The difference between the TDH developed by the pump and the head required by the system head curve represents lost energy. Because most centrifugal pumps are driven by constant-speed electric motors, throttling is the only practical method of regulating capacity. The backpressure valve imposes a variable amount of loss on the system head curve. Closing the valve increases control losses and causes the system head curve to slope up more steeply to intersect the TDH capacity curve at the desired capacity. Opening the valve decreases the control losses and causes the system head curve to slope downward and intersect the TDH capacity curve at a higher capacity. With the valve completely open, the capacity is governed only by the intersection of the two curves.

The recirculation valve prevents the buildup of excessive amounts of heat within the casing. A minimum-flow recirculation valve should be installed if the pump piping system contains a backpressure valve that could close and result in less than the minimum continuous flow at which the pump can safely operate. A recirculation valve is often used in installations in which the pump piping contains an automatic shutdown discharge valve that could fail in the closed position, or a discharge block valve that can be inadvertently closed. The recirculation valve should be upstream of the first block valve or control valve downstream of the pump. On small pumps, an orifice is usually installed on the recirculation, which continuously recirculates a fixed flow of liquid back to the suction. A control valve costs more but will modulate the recirculation to assure only minimum flow and thus result in less energy loss.

The maximum head that a centrifugal pump can develop is determined by speed, impeller diameter, and number of stages. Thus, to change the head of a pump, one or more of these factors must be changed. Speed can be changed with different gears, belts, or pulleys, or by installing a variable-speed driver. The impeller diameter can be altered for large permanent changes. The number of impellers can be changed by replacing existing impellers with spacers or dummy impellers.

Most motor-driven centrifugal pumps are operated at constant speed. A direct-current or variable-frequency alternating-current motor control can maintain nearly the same pump efficiency over a larger speed range. Variable-speed control makes it possible to eliminate the backpressure throttling requirements to adjust system head.

Fig. 6.9 illustrates the head-capacity-curve relationship of a constant-speed and variable-speed pump. The pump is operating at 100% of its capacity, and the TDH is represented by Point 1 on the graph. If it becomes desirable to reduce the capacity to 80% of the rated capacity, the constant-speed-pump operation will move to Point 3. Point 3 requires 110% of the head and 92% of the BHP required at Point 1, and thus, additional backpressure would be required to force the system curve to intersect the pump curve at this point.

A variable-speed driver could, in effect, find a TDH capacity curve that intersects the system curve at Point 2. Point 2 requires only 70% of the head and 73% of the power required at Point 1. Thus, at 80% capacity, the constant-speed pump would operate at Point 3 and the variable-speed pump at Point 2. The potential energy savings is represented by the difference between 92 and 73% of horsepower, or 19%.

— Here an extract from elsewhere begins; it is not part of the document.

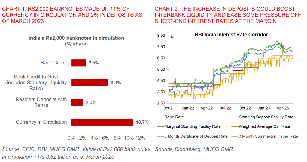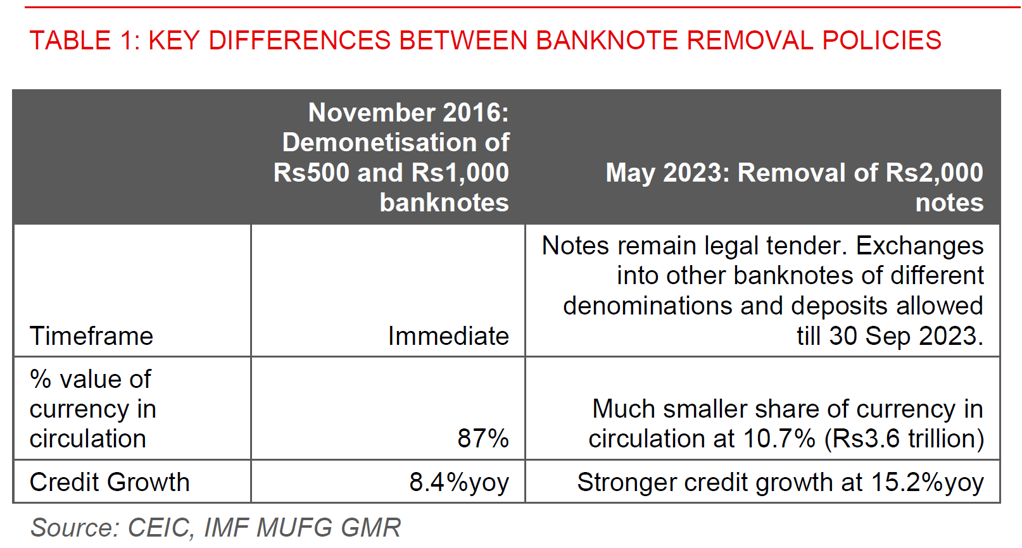 - India announced the withdrawals of Rs2,000 notes, in a move reminiscent of the Nov 2016 demonetisation policy. We think this time is different, given the transitional period (4 months) and the smaller scale (11% of currency held).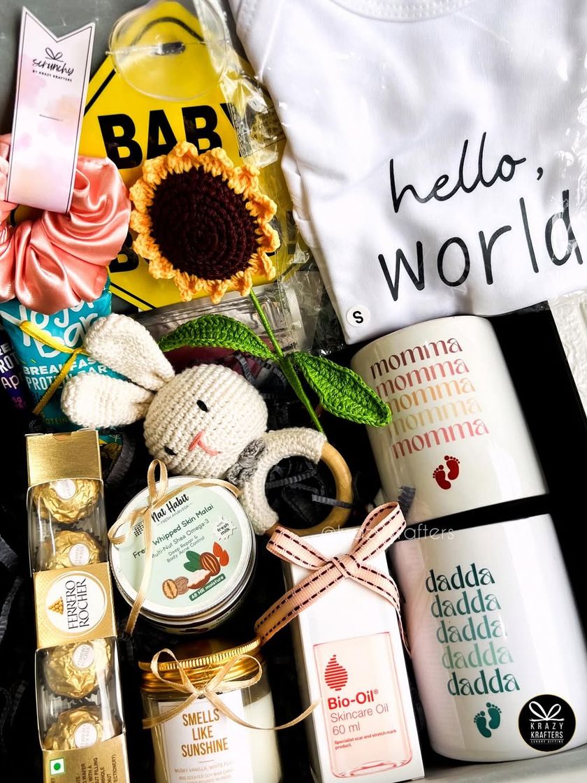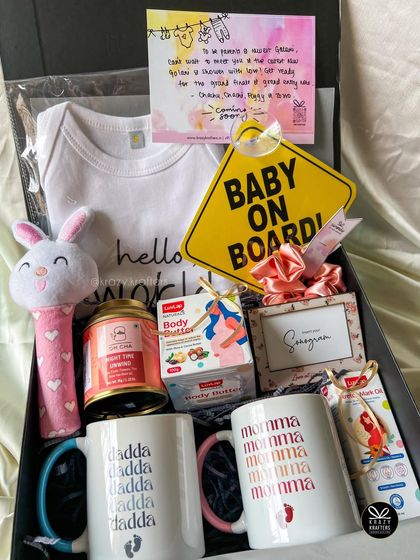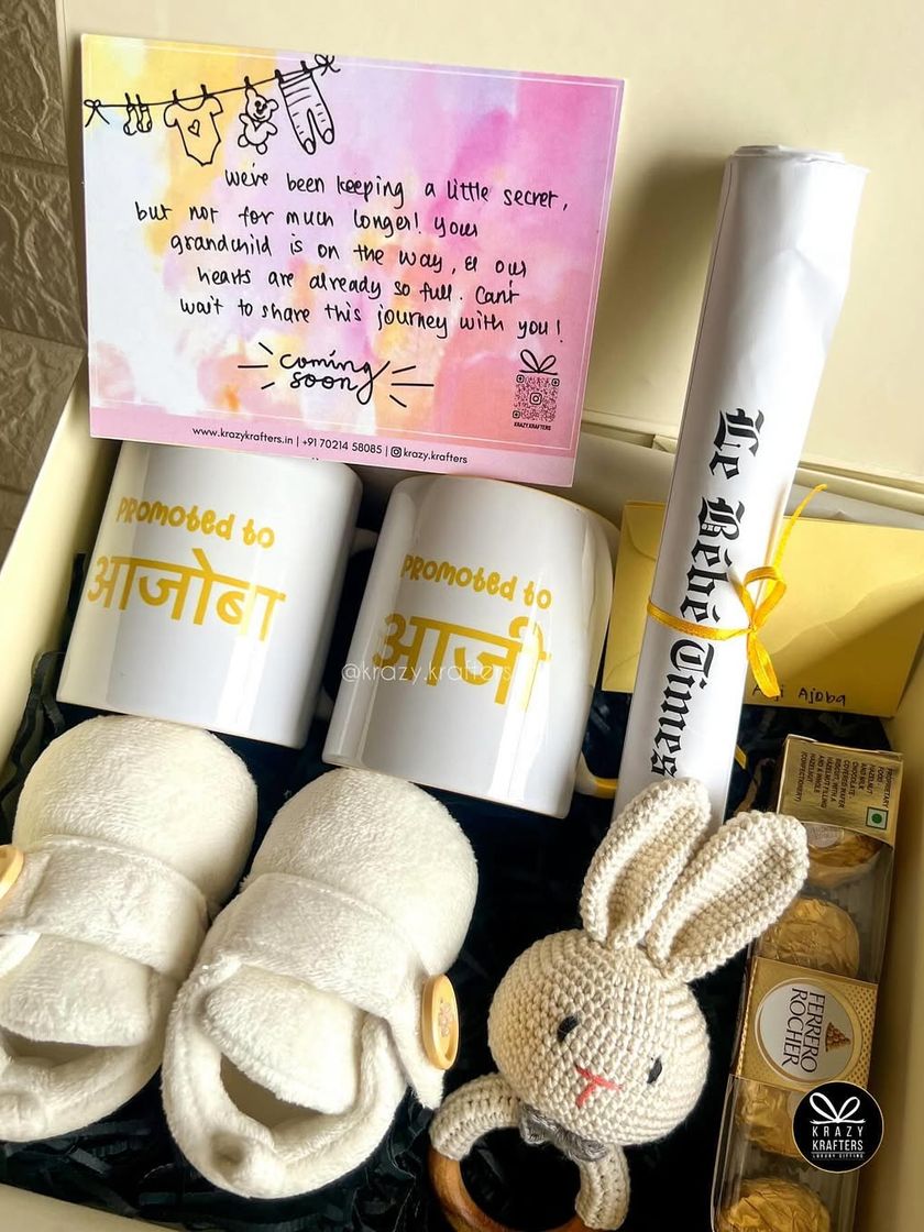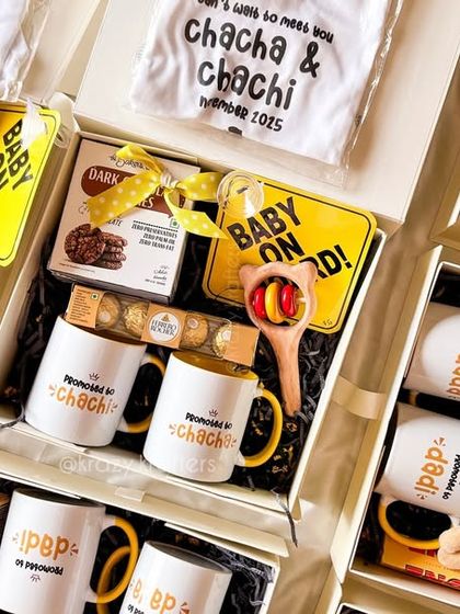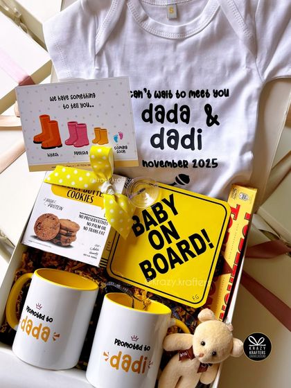 Share your big news in the most memorable way. We create personalized pregnancy reveal hampers for grandparents, aunts, uncles, and the whole family, featuring custom onesies, mugs, and creative announcement cards.

The affinity laws are used to predict what effect speed or impeller-diameter changes have on centrifugal-pump performance. The laws are based on dimensional analysis of rotating machines that shows, for dynamically similar conditions, certain dimensionless parameters remain constant. These relationships apply to all types of centrifugal and axial machines.

Predictions for speed changes are fairly accurate throughout the range of speed changes. However, predictions for diameter changes tend to be accurate for diameter change of only ± 10% because changing the diameter also changes the relationship of the impeller to the pump casing. Thus, for a 10% increase in either diameter or speed, the flow will increase by 10%, TDH by 21%, and the BHP by 33%.

Most centrifugal pumps have a flooded suction. The source is above the pump suction, and atmospheric pressure is sufficient to maintain fluid at the pump inlet at all times. Sometimes the pump must take suction from a source that is below the centerline of the pump. Atmospheric pressure alone will not always keep the suction flooded. Conventional centrifugal pumps are not self-priming. Thus, they are not capable of evacuating vapor from the casing so that fluid from the suction line can replace the vapor. Self-priming pumps are designed so that an adequate fluid volume for repriming is always retained within the pump casing, even if fluid drains back to the source.

A centrifugal pump is a piece of precision machinery that must not be subjected to external strains beyond those it was designed to encounter. It must be installed in the intended position, carefully aligned, and free from piping forces and moments.

Foundations. Generally, foundation design is not critical. Vibration in a centrifugal pump is minimal unless an engine driver is used. As a general rule of thumb, the foundation should be able to handle three times the weight of the pump, driver, and skid assembly. The manufacturer is the best source for determining the required foundation size.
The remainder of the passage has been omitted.